# No-one willing to go below Euro MSRP



## fitch (Aug 10, 2005)

I'm looking a buying a 328d xDrive Sports Wagon ED and have not been able to find anyone in the SF Bay Area willing to negotiate below Euro MSRP. One sales person (the guy I bought my last ED from) indicated that his management is refusing to allow him to negotiate below Euro MSRP in order to keep a piece of the action for themselves. Any one have experience with a Bay Area / Northern California dealer / sales person willing to negotiate? Thanks!


----------



## openwheelracing (Aug 1, 2008)

My experience has been very easy to get close to ED invoice in SoCal (+750 is standard for Greg). Perhaps you can try Santa Barbara


----------



## Asteroid (Aug 17, 2005)

I've gotten my cars from Peter Pan over the years, and even though it's now part of Penske Group, my guy still gave the "typical bimmerfest" ED deal for my last car (same as what you're looking to order) in December. I'll send you a PM with his name and contact, see if you get the deal you prefer.


----------



## guppysb (Dec 16, 2013)

I would contact John Wolff at Weatherford BMW. He gave me a great deal, which I signed the paperwork for only about 2 weeks ago.


----------



## chrischeung (Sep 1, 2002)

Ditto John Wolff in the Bay Area - mention Bimmerfest. Board sponsors if you're willing to go a little further to So Cal.


----------



## fitch (Aug 10, 2005)

*Thanks!*

Thanks for the quick responses and suggestions folks. I will follow up on these and keep you posted on results.


----------



## RDL53 (Jun 5, 2013)

fitch said:


> I'm looking a buying a 328d xDrive Sports Wagon ED and have not been able to find anyone in the SF Bay Area willing to negotiate below Euro MSRP. One sales person (the guy I bought my last ED from) indicated that his management is refusing to allow him to negotiate below Euro MSRP in order to keep a piece of the action for themselves. Any one have experience with a Bay Area / Northern California dealer / sales person willing to negotiate? Thanks!


I just PM'd you the dealer we used here in the Bay Area. Good luck.


----------



## blewgo (Feb 17, 2014)

I'm looking at doing ED in July and am trying to find a good dealer to work with. Asteroid and RDL53, could you PM me the info as well? Thanks.


----------



## Bond_JamesBond (Dec 29, 2013)

You should try contacting John Wolff at Weatherford BMW in Berkeley. My buddy just placed an order with him for ED. He seems like a very straight forward and honest guy. He will do much better than ED MSRP for you.


----------



## fitch (Aug 10, 2005)

Sorry for the slow response folks - totally swamped with work. 

John Wolff is da man!
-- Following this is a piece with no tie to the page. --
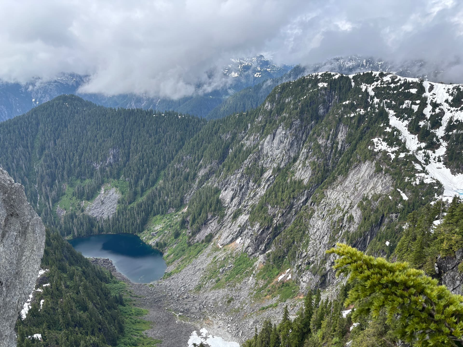 From HF lake we started both our off-trail adventure and first steep ascent. Interestingly, for ~1/3 of the ascent to HF peak we followed relatively new blue and pink flagging along the path of least resistance. I don’t recall the ascent up to HF peak being anything too crazy in terms of bushwhacking but it was a bit steep in places. When we finally broke into the snow, it was awesome! No bushwhacking! (Well this was short-lived). The summit was cool rocky sub-alpine and would have nice views but was totally socked in for us. At this point, although I was 100% soaked I was not cold, as it wasn’t cold out and we were moving well.
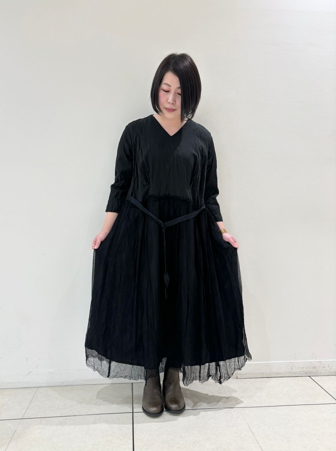 Vカットが美しいマテリアルミックスのドレス。

Thanks to all who made the suggestion. 

EURO invoice + 750. Have confirmation of the delivery date from him but not yet from BMW. Once that comes through will sign PO. Will keep you posted as the adventure begins!!


----------



## SJAPoc (Apr 14, 2007)

fitch said:


> Sorry for the slow response folks - totally swamped with work.
> 
> John Wolff is da man! Thanks to all who made the suggestion.
> 
> EURO invoice + 750. Have confirmation of the delivery date from him but not yet from BMW. Once that comes through will sign PO. Will keep you posted as the adventure begins!!


Congratulations :thumbup:


----------



## maryam (Feb 23, 2014)

Interesting - I'm local and test drove with John a little while ago. I've been in contact with him in the past week about an F31 for ED and while he was initially responsive, I haven't heard anything from him since he promised an update days ago. I've even reminded him a couple times. I wonder what happened! I'm glad it's working out for you.


----------



## fitch (Aug 10, 2005)

He seems to check in and out. He has not responded to my last email but I am hoping to see him Thursday to sign PO. Deal isn't done yet so will keep you posted. 


Sent from BimmerApp mobile app


----------



## mlee (Nov 13, 2011)

A bit surprised that he hasn't replied to your emails. We have been working with him for our next bmw, most of the correspondences have been via email. He has been very responsive. Also, he has always been there for us, even after the car purchase.


----------



## fitch (Aug 10, 2005)

He sometimes takes a few days to respond but he does does get back. Just signed the Purchase Order yesterday with him for May 19 delivery!


----------



## flyinghippo (Oct 1, 2013)

fitch said:


> He sometimes takes a few days to respond but he does does get back. Just signed the Purchase Order yesterday with him for May 19 delivery!


why are you signing the PO more than two months out? Isn't the lease starting date the day you sign your PO?


----------



## fitch (Aug 10, 2005)

The PO reserves the pick up date and time ( and build). I don't need to make payment until two weeks before pick up date. 


Sent from BimmerApp mobile app


----------



## blewgo (Feb 17, 2014)

Thanks to info from Asteroid, I got a good deal at Peter Pan. Put deposit down for ED on July 4!


----------



## fitch (Aug 10, 2005)

Signed all paperwork. John Wolff at Weatherford BMW rocks. ED pickup date: May 19 


Sent from BimmerApp mobile app


----------



## pickupjason (Jan 30, 2010)

Glad to know it worked out well! I worked with Greg here in SoCal for my f31 ed last Sep. Great experience!



Sent from BimmerApp mobile app


----------